The QUEST Center in Foster Hall transformed into a Louisiana swamp complete with a critter camp and a fishing camp for the Louisiana Creature Feature Showcase of first and third grade work. First graders learned about habitats and the animals that call them home, and third graders learned all about arthropods. The two topics came together in an exciting final display that highlighted weeks of discovery.
Upon entering the QUEST Center, visitors were greeted by students dressed in an array of costumes. There was everything from first grade butterflies and black bears to a third grade saddleback caterpillar and a velvet ant. In front of each creature was a button that visitors pressed to activate the presentation. Once the buttons were pressed, the students shared fun facts about the creatures of their choice. It was obvious just how much the students enjoyed the experience.
“My favorite part was making our sculptures,” says third grader Arlie Bond who was a black widow spider for the occasion. “It was challenging but fun at the same time.”
Classmate Samantha Johnston, who was a daddy long legs, says her favorite part was “making costumes and working on the script.” She also enjoyed “adding details to make it interesting and exciting” like the jumping element she shared.
Across the path, Milo Gutfreund who was a golden silk orb-weaver says he enjoyed making his costume. He chose his creature based on inspiration from a family camping trip to north Louisiana where he observed webs in the sunlight.
It Takes Teamwork to Build a Swamp
Students were not alone in their excitement. Teachers and QUEST Center Coordinator Dr. Elizabeth Lewis were thrilled with the project. The adults point out the tremendous collaboration needed to bring the project to life. The third and first grade teams worked together to create a cohesive presentation. Lower School art teacher Caroline Hagan provided QUEST Center art lessons to help with creating the creature sculptures using recycled materials.

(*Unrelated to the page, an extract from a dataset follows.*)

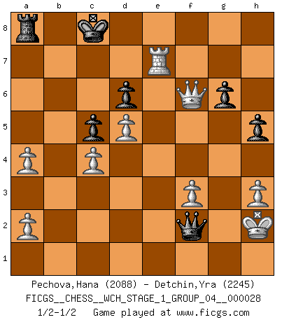 Last move : 1/2-1/2 2024 July 18 1:53:48 [Event "FICGS__CHESS__WCH_STAGE_1_GROUP_04__000028"] [Site "FICGS"] [Date "2024.03.26"] [Round "1"] [White "Pechova,Hana"] [Black "Detchin,Yra"] [Result "1/2-1/2"] [WhiteElo "2088"] [BlackElo "2245"] 1.e4 c5 2.Nf3 d6 3.d4 cxd4 4.Nxd4 Nf6 5.Nc3 a6 6.Be3 e5 7.Nb3 Be6 8.f3 h5 9.Qd2 Nbd7 10.Nd5 Bxd5 11.exd5 g6 12.Be2 Bg7 13.O-O b6 14.c4 a5 15.Rae1 O-O 16.Kh1 Nc5 17.Nxc5 bxc5 18.Bd1 Qd7 19.b3 a4 20.bxa4 e4 21.Bg5 Rfe8 22.Qf2 exf3 23.Qxf3 Ng4 24.h3 Rxe1 25.Rxe1 Ne5 26.Qf1 Qb7 27.Bb3 Qb4 28.Rd1 Qc3 29.Be7 Bf8 30.Bxf8 Kxf8 31.Qf6 Ra6 32.Qh8+ Ke7 33.Rf1 Qd2 34.Qf6+ Kd7 35.Rb1 Qd3 36.Re1 Qc3 37.Rf1 Qd2 38.Rb1 Ra8 39.Bc2 Qa5 40.Bxg6 fxg6 41.Rb7+ Kc8 42.Re7 Qe1+ 43.Kh2 Nf3+ 44.gxf3 Qf2+ 1/2-1/2 Follow this game move after move (download)There's never before been a Chess player with such a thorough knowledge of the intricacies of the game and such an absolutely indomitable will to win. I think Bobby is the greatest player that ever lived. (Lisa Lane) Ich habe Kasparov in Rente geschickt. (Veselin Topalov) Vive, pierde y aprende al observar a tu oponente como gana. (Amber Steenbock) Psychologiquement, tu dois avoir confiance en toi même, mais cette confiance doit être basée sur des faits. (Robert Fischer) Faith : not wanting to know what is true. (Friedrich Nietzsche)

Faculty and staff contributed recyclable materials to be transformed into creatures and decorations like cypress knees. Students and families made costumes at home. It was an impressive display of teamwork and community in support of a memorable lesson for students.
The Louisiana Creature Feature project was project-based learning at its best. Over the course of the project, students dissected owl pellets, examined the difference between crawfish and grasshoppers, took a field trip to the Bluebonnet Swamp and toured the Atchafalaya Basin. The final showcase was a fitting celebration for a lesson brimming with exciting learning opportunities.